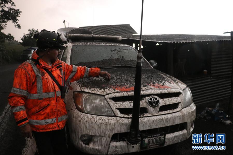 6月3日,在危地马拉奇马尔特南戈省的阿卡特南戈,一名救援人员站在落满火山灰的车辆旁。位于危地马拉首都危地马拉城西南约40公里的富埃戈火山3日猛烈喷发,已造成至少7人遇难。新华社发
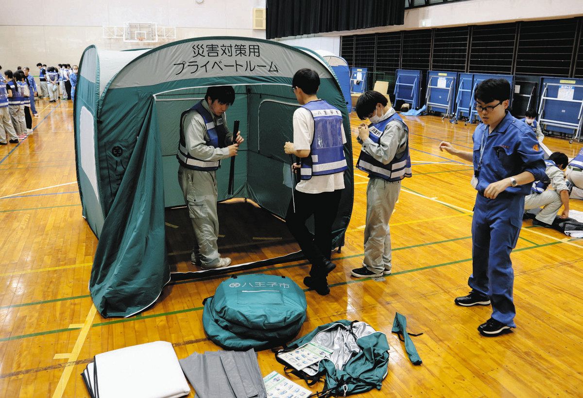 台風や水害、地震など相次ぐ自然災害に備えて、東京都八王子市は27日、若手職員らを対象に避難所運営や開設の研修を行い、災害時の対応を再確認した。
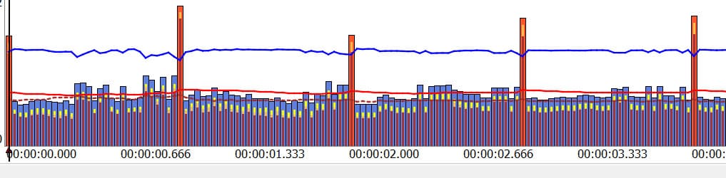 Битрейт в записи распределяется по ключевым (I) и промежуточным (P) кадрам. Двунаправленные (B) кадры в потоке отсутствуют.
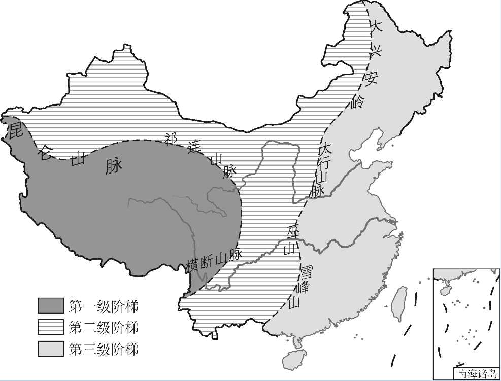 第一阶梯和第二阶梯界线:昆仑山脉、祁连山脉和横断山脉;
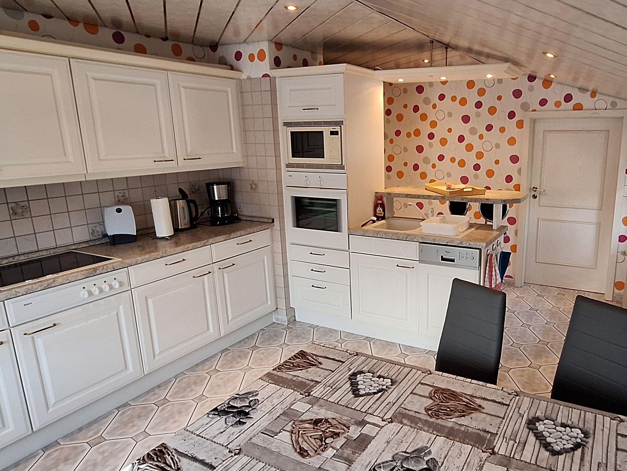 Auf 66 qm² Wohnfläche stehen Ihnen für erholsame Tage im Erdgeschoss ein Bad mit ebenerdiger Dusche; ein Schlafzimmer mit einem Boxspringbett (1,80 m breit), im Obergeschoss eine komplett eingerichtete Küche sowie ein Wohnzimmer (Schlafcouch vorhanden) zur Verfügung.

____

*Exercise*. Please set down the data above exactly as given, leaving every picture out.

*Final answer*.
 6月3日,在危地马拉奇马尔特南戈省的阿卡特南戈,一名救援人员站在落满火山灰的车辆旁。位于危地马拉首都危地马拉城西南约40公里的富埃戈火山3日猛烈喷发,已造成至少7人遇难。新华社发
 台風や水害、地震など相次ぐ自然災害に備えて、東京都八王子市は27日、若手職員らを対象に避難所運営や開設の研修を行い、災害時の対応を再確認した。
 Битрейт в записи распределяется по ключевым (I) и промежуточным (P) кадрам. Двунаправленные (B) кадры в потоке отсутствуют.
 第一阶梯和第二阶梯界线:昆仑山脉、祁连山脉和横断山脉;
 Auf 66 qm² Wohnfläche stehen Ihnen für erholsame Tage im Erdgeschoss ein Bad mit ebenerdiger Dusche; ein Schlafzimmer mit einem Boxspringbett (1,80 m breit), im Obergeschoss eine komplett eingerichtete Küche sowie ein Wohnzimmer (Schlafcouch vorhanden) zur Verfügung.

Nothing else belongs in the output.